→ RECORDS:
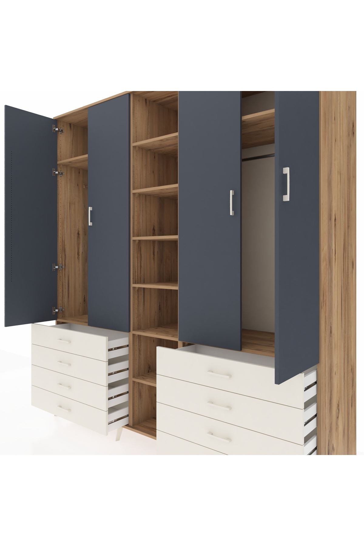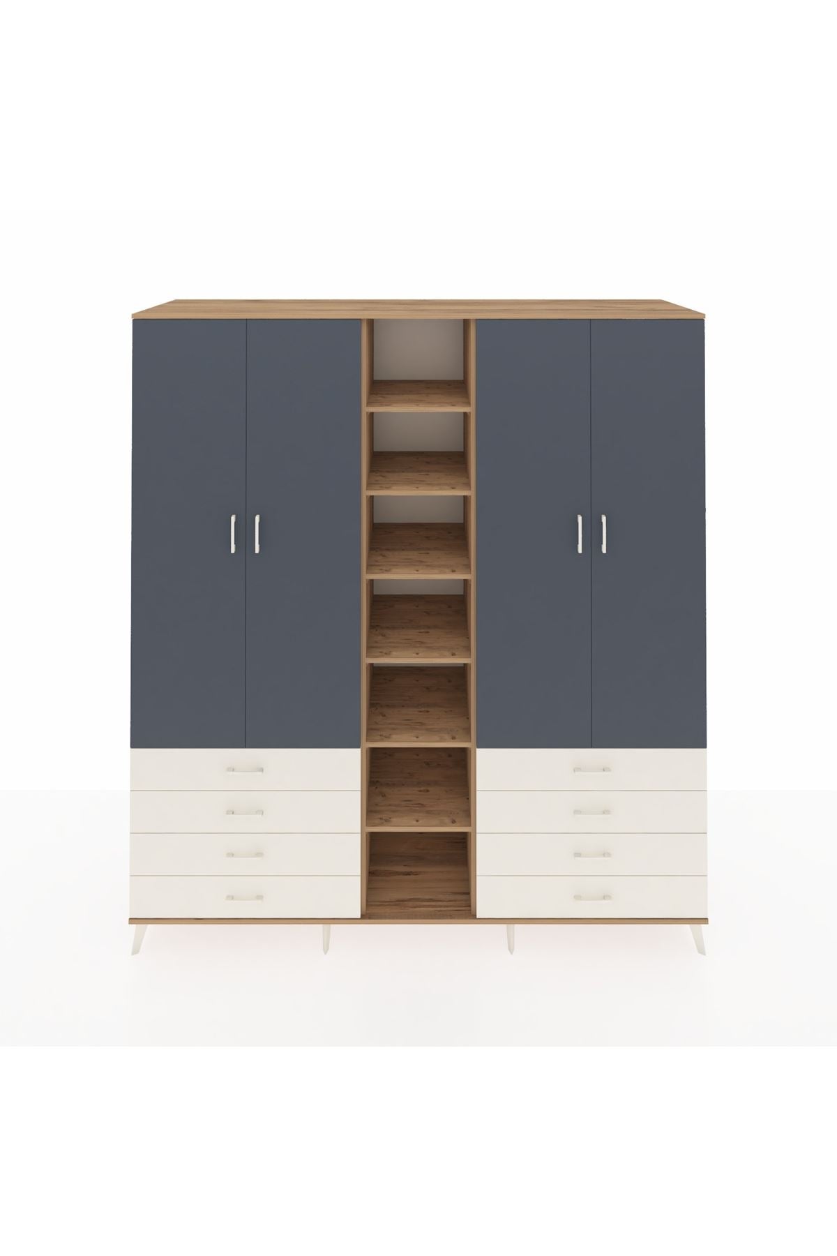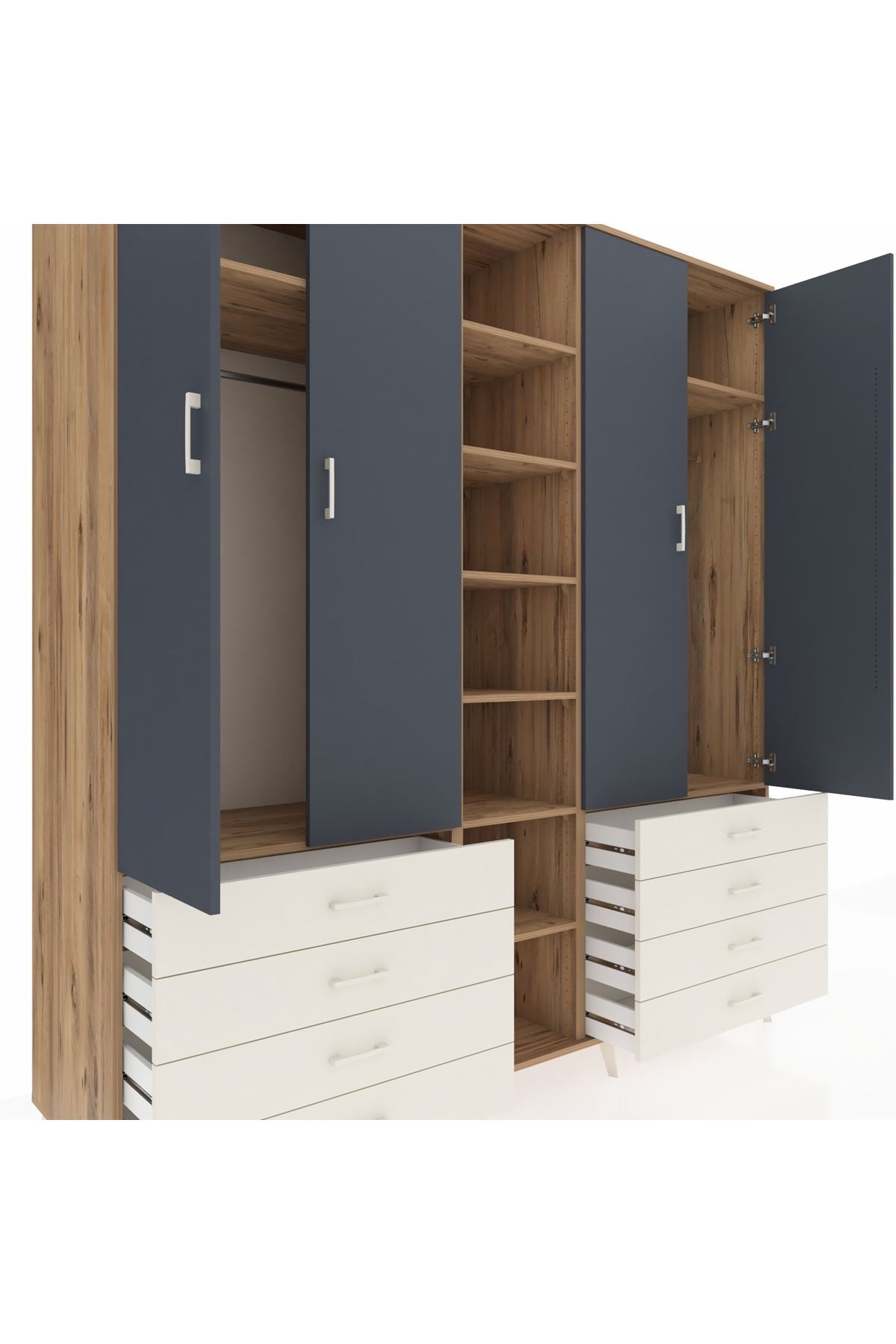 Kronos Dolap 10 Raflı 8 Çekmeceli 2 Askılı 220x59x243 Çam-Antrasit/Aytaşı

--

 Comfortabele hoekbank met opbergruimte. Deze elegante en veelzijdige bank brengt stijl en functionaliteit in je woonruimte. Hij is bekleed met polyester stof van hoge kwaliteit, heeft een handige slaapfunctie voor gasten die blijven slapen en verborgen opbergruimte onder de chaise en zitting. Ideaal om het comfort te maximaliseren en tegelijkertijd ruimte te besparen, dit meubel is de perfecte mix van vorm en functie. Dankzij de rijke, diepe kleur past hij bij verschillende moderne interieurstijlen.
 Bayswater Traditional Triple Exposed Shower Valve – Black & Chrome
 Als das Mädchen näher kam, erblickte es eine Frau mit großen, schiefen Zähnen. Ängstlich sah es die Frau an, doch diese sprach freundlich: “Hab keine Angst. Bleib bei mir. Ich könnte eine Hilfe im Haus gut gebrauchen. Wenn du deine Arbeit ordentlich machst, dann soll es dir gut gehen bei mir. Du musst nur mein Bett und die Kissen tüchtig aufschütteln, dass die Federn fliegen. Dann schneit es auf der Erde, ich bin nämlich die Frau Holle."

==

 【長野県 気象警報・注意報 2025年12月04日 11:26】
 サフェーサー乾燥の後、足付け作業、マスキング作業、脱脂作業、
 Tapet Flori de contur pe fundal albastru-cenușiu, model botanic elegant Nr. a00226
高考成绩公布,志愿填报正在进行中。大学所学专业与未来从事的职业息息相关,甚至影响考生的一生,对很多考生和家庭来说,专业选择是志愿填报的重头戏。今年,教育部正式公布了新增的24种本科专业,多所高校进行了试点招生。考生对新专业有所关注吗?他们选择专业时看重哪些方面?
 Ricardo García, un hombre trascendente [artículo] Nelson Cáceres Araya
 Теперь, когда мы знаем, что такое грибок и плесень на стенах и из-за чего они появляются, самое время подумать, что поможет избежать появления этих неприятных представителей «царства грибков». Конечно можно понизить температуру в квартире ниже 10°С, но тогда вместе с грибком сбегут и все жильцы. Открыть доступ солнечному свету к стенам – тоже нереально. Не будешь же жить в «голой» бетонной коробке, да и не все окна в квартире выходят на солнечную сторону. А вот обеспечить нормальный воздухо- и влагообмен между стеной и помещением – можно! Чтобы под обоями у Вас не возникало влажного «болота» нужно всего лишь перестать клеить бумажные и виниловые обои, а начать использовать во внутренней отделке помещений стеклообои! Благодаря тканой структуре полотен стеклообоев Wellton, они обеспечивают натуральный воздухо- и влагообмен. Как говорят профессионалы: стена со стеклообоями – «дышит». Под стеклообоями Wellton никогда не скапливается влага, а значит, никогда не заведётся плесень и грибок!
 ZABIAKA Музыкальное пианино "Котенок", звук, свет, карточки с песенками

→ WHAT IS NEEDED: Look through the entries above and quote exactly the lines from the line with "Bayswater Traditional Triple" to the line with "Als das Mädchen", counting both of those lines.

→ ANSWER AREA:
 Bayswater Traditional Triple Exposed Shower Valve – Black & Chrome
 Als das Mädchen näher kam, erblickte es eine Frau mit großen, schiefen Zähnen. Ängstlich sah es die Frau an, doch diese sprach freundlich: “Hab keine Angst. Bleib bei mir. Ich könnte eine Hilfe im Haus gut gebrauchen. Wenn du deine Arbeit ordentlich machst, dann soll es dir gut gehen bei mir. Du musst nur mein Bett und die Kissen tüchtig aufschütteln, dass die Federn fliegen. Dann schneit es auf der Erde, ich bin nämlich die Frau Holle."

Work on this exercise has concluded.